Ömründe hiç aynaya bakmamış, ayna nedir görmemiş bir adam eline bir ayna geçirmiş. Baktığında, başlamış ağlamaya...
Vah benim kara kaşlı-kara gözlü gardaşım demiş. Demek sen öldün de geri geldi ha...
Birkaç sene önce vefat eden çok sevdiği kardeşine öyle benzetmiş ki, ayna da ki görüntüyü.
Bastırmış göğsüne aynayı ağlaya ağlaya uyuyakalmış.
Hanımı girmiş kocasının yattığı odaya.
Bakmış ki, kocası sıkı sıkı bir şeye sarılmış uyuyor, gözleri de hala yaşlı.
Usulca varmış yanına, aynayı onu uyandırmadan çekmiş almış. Bu nedir diye bakınca;
- Allah seni kahretsin herif demiş. Demek ki ağladığın kadın bu ha...Ben zaten kaç aydır sessiz sessiz oturmandan şüphelenmiştim.
Kadın aynayı sarıp sarmalamış bir bezin içine, sonra da;
- Kalk demiş adama, kalk Kadı Efendiye gidiyoruz. Seninle aynı evde duramam, boşa beni...
Adam ne dediyse olmamış, kadın sarıp sarmaladığı aynayı elinden bırakmıyormuş.
Sonunda çalmışlar Kadı Efendinin kapısını...
Hem adam hem de kadın durumu bir güzel anlatmışlar ve ayrılmalarına gerekçe olarak gösterdikleri aynayı, Kadı Efendiye teslim etmişler.
Kadı Efendi açmış aynanın sarıldığı bezi...
- Ne bu demiş?
Adam;
- Vallahi Kadı Efendi demiş, elindeki şeye baktım, iki yıl önce ölen kardeşim bana bakıyor. Çok severdim rahmetliyi baktıkça ağladım. Ağlarken ağlarken uyuyakalmışım varsa bir suçum, günahım hepsi bu...
Adamın karısı;
- Yalan kadı efendi demiş, kocam yalan söylüyor, o şeyi göğsüne sıkı sıkı bastırmış uyuyordu. Merak ettim, aldım, şöyle bir baktım. Çirkin mi, çirkin gudubet bir kadın...Ben saçlarımı yıllardır ona ve çocuklarına süpürge edeyim. O kalksın bir başka kadınla beni aldatsın. Beni boşasın Kadı Efendi...
Kadı daha da meraklanmış;
- Siz demiş az biraz dışarıda bekleyin. Ben bunu bir inceleyip, kararımı öyle vereyim.
Adamla, karısı dışarı çıkınca, Kadı aynayı sarmalayan bezi açmış. Aynayı çıkarıp kendi yüzüne doğru tutunca;
- Bu da kim demiş. Kimsin sen be adam?

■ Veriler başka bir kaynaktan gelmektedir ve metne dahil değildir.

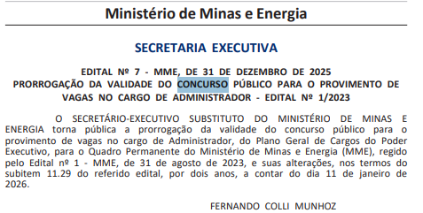 Foi publicada no Diário Oficial da União desta segunda-feira (5/1) a prorrogação da validade do último concurso público do Ministério de Minas e Energia (MME) para o cargo de Administrador.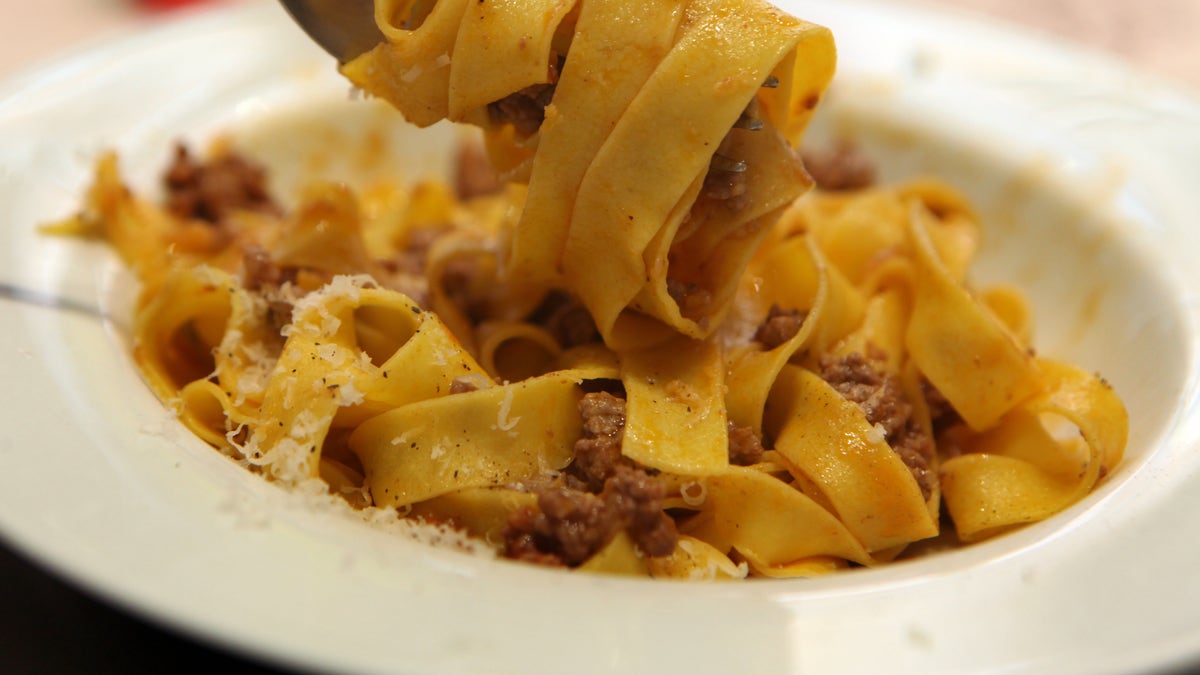Hand-made fettuccine is served with Bologna’s iconic ragù meat sauce after a cooking lesson in Bologna, Italy. (David Silverman/Getty Images)

Azıcık beni andırıyor mu ne? Tövbe tövbe...Koskoca Kadı kim, bu kim? Nursuz, münasebetsiz bir adam karşımda duran, bak efendi, bana ters ters bakma, atarım seni içeri ömür boyu çıkamazsın...
***
Ayna yalan söylemez, söyleyemez.
Aynaya bakmak, gerçekleri görmek, gerçeklerle yüzleşmek, gerçeklerle yüz yüze olmak demektir aslında.
Keşke aynalara bakabilseydik.
Aynalara baktığımızda, gülümseme talimleri yapabilseydik.

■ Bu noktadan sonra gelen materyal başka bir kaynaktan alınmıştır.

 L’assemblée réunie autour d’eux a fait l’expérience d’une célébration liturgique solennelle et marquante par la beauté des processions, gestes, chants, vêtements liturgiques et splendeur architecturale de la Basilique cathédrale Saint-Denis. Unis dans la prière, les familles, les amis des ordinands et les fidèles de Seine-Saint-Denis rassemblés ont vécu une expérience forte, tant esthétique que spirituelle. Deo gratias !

Suratsızlığımızı gördüğümüzde irkilip kendimize gelerek, ne yapıyorum ben diyebilseydik.
Aynalara ciddi anlamlarda hiç bakmadığımızı fark edebildiniz mi?
Oysa kim bilir günde kaç defa bakıyoruz aynalara.
Ancak bakmak var, bakmak var...
Bakmadan bakmaya neler yok, neler...
Aynaya güzel bakan, güzellikler görür, güzellikleri görür.
İnsan insanın aynasıdır derler ya...
İnsan denen aynaya nasıl bakarsınız, onda kendinizi görürsünüz.
Bakmasını bilene, görmesini bilene, ayrıntıları keşfedene bir ayna neler bahşeder bilemezsiniz.